前不久,我参加了一个题为“新冠大流行背景下中东对华舆情”的网络虚拟研讨会。会上,近30位中国学者、记者研讨了相关议题,其中有些发言谈及疫情暴发以来中国在阿拉伯世界的形象。发言者分析了阿拉伯世界主流媒体的相关新闻、报道、评论,涉及知名报纸《中东报》在内的平面媒体和电视媒体,有一份研究还抽样调查了网络社交媒体。

相关研究大致得出以下结论:一,“中国”在阿拉伯媒体关于疫情的各类报道中占据大量篇幅;二,阿拉伯舆论对中国的立场呈多元态势:有的钦佩同情,有的中立旁观,也有的批评指摘,甚至幸灾乐祸;但总体而言,客观分析占据主流;三,有些批评中国的调子很高,言辞空前犀利,部分文章的语气近乎谴责和定罪;

四,许多观点在不同程度上受西方、特别是美国立场的影响,表明美国和西方话语对阿拉伯舆论的影响力强于中国话语,这与语言、经验、专业性等因素有关;五,有些文章显示作者对中国知之甚少,既不了解中国的历史和现状,又不了解其多元性和复杂性。

对于部分阿拉伯媒体针对中国的公开批评,与会的多数中国学者并不感到奇怪。

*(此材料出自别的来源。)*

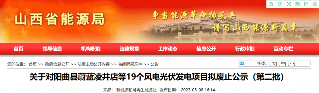 為加快推進(jìn)新能源“十四五”規(guī)劃建設(shè)進(jìn)度,實(shí)現(xiàn)我省新能源產(chǎn)業(yè)高質(zhì)量發(fā)展,我局組織各市能源局對(duì)2021年及之前項(xiàng)目單位投資不積極、確定無法建設(shè)的風(fēng)電光伏發(fā)電項(xiàng)目進(jìn)行了梳理。相關(guān)地市上報(bào)擬廢止項(xiàng)目清單,經(jīng)我局匯總,擬將陽曲縣蔚藍(lán)凌井店等19個(gè)總規(guī)模100.8萬千瓦風(fēng)電光伏發(fā)電項(xiàng)目予以廢止,現(xiàn)予公示。相關(guān)企業(yè)如有異議,請(qǐng)向相關(guān)市能源局提出書面意見,并在公示期(5個(gè)工作日)內(nèi),由市能源局上報(bào)省能源局。
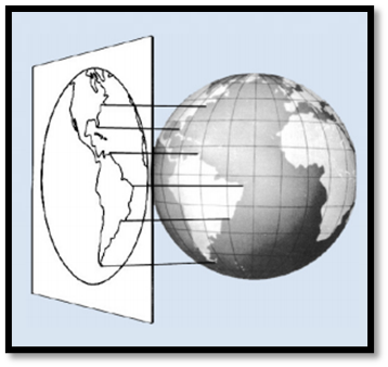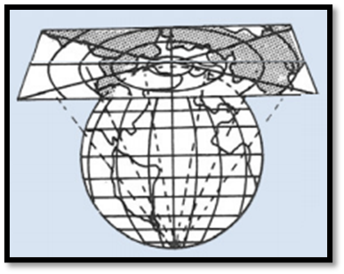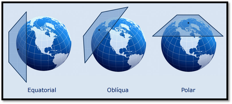 Tangência de Projeção: A parte onde o plano é desenvolvido ao tocar na superfície da Terra. Podem ser classificados de três maneiras: polar, oblíqua e equatorial.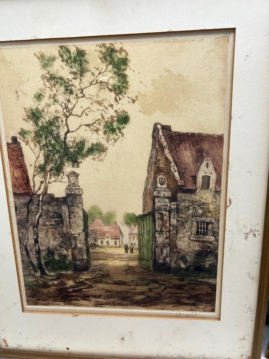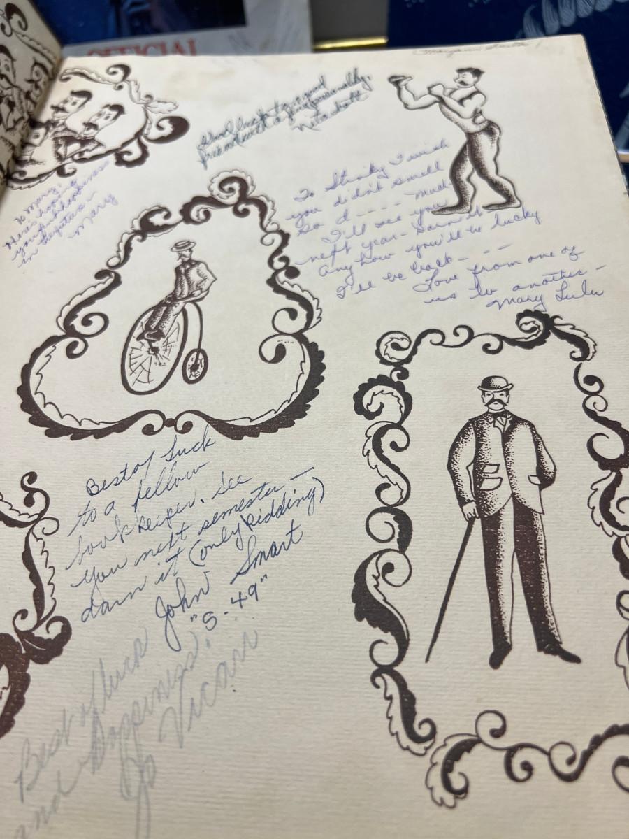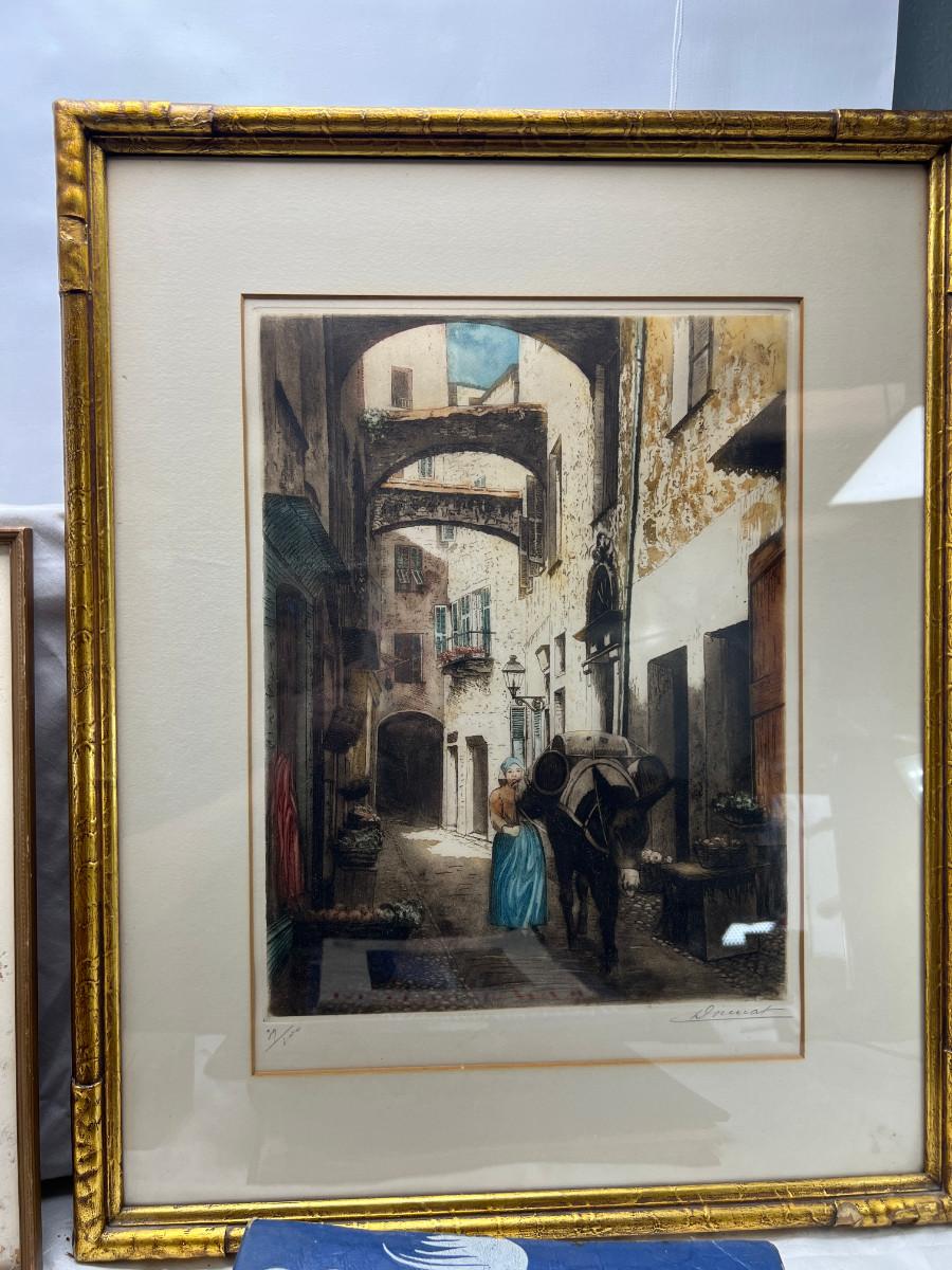 2 framed Etchings, vintage books, yearbooks
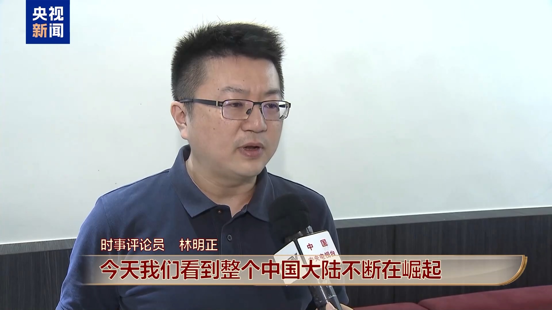 时事评论员 林明正:今天我们看到整个中国大陆不断在崛起,整个中华民族在复兴。身为中国人,哪一个能不感到与有荣焉呢?随着中华民族不断复兴,整个中国的综合国力不断提升,期待实现完全统一的那一天能够真正到来。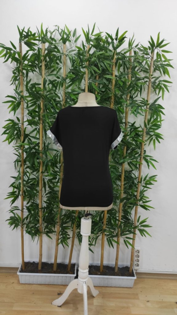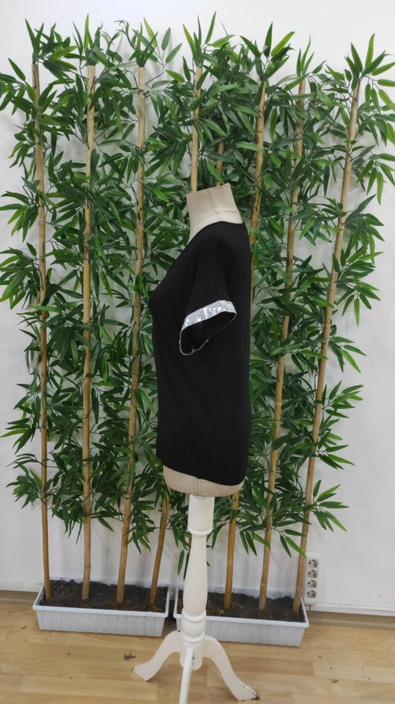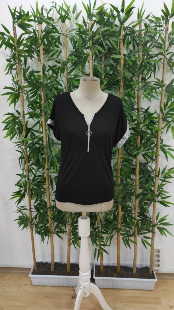 Kadın Kısa Kollu önden Fermuarlı Kol Ucu ışıltılı Viskon Bluz Modelin Ölçüleri: Boy:165, Kg:55, Göğüs:90, Bel:72, Kalça: 100 Modelin üzerindeki ürün M/38 bedendir DESEN-DiğerleriKALIP-Klasik

一位学者将这场疫情比作一道从天而降的雷电,击中一座房子并引起火灾,而房子的主人未能及时扑灭大火,使火势殃及邻宅。一些邻居因此迁怒于这位房主,而原本就对他怀有积怨或与之较劲的邻居更是借机生事,这都不足为奇。

但这位学者紧接着说,这种愤怒虽然合乎情感,但从理性和现实的角度观之则于事无补。因为只有所有邻居戮力同心,尽快扑灭大火,在最大程度上减少损失,才符合所有人的利益。

以下,我就阿拉伯舆论普遍关注的几个议题谈谈自己的看法:中国与疫情到底是什么关系?在疫情的背景下,中国如何看待世界?如何看待阿拉伯?

确实,新冠病毒首先于去年12月在中国武汉暴发,但并不能由此断定病毒的发源地就是中国。确定病毒源头及其从自然界传播到人类并波及全球的路径,是一个要以客观和专业的态度加以研究的科学问题。事实可以佐证这个观点:法国科尔马市的研究人员不久前宣布,去年11月就发现了无中国旅行史的法国病人呈现出感染新冠肺炎的症状;而据美国媒体报道,在武汉暴发疫情之前,美国就出现了类似病例。

我之所以强调这些,是因为历史上曾有过弥天大错。被误命名为“西班牙流感”的病毒曾于1918年前后导致5000多万人丧身,但科学家后来证实,该病毒起源于美国堪萨斯州的芬斯顿军营,由美国军人带到西班牙,然后从那里蔓延至全世界。

至于中国政府为遏制疫情所做的努力、中国对美国政客和媒体的一系列指责做出的回应,阿拉伯读者可通过官方表态了解详情。尤其是中国外交部5月9日发布的那篇长文,其中援引了国内外大量的权威科学资讯。

就个人而言,我认为中国政府,尤其湖北省和武汉市地方政府在疫情初期的应对并非尽善尽美,无可挑剔。但问题是,面对这样一个全新、不为人知而又颇为狡猾的病毒(现已知,无症状感染者也能携带并传播病毒,病毒防控因而变得极为艰难),美国政府或任何别国政府,若处在中国的位置,就敢说自己能更好地管控危机?该问题之所以切中要害,是因为我们都目睹了自3月份疫情在美国暴发至今,特朗普政府的应对是如何混乱不堪。

一段时间以来,美国政府给中国扣上了许多罪名,如:故意掩盖病毒蔓延的信息,在统计患者和死者人数时造假,病毒出于偶然因素从武汉病毒实验室泄露,故意将人造病毒散播到美国,与世界卫生组织勾结误导世界,窃取美国的疫苗研究成果等等。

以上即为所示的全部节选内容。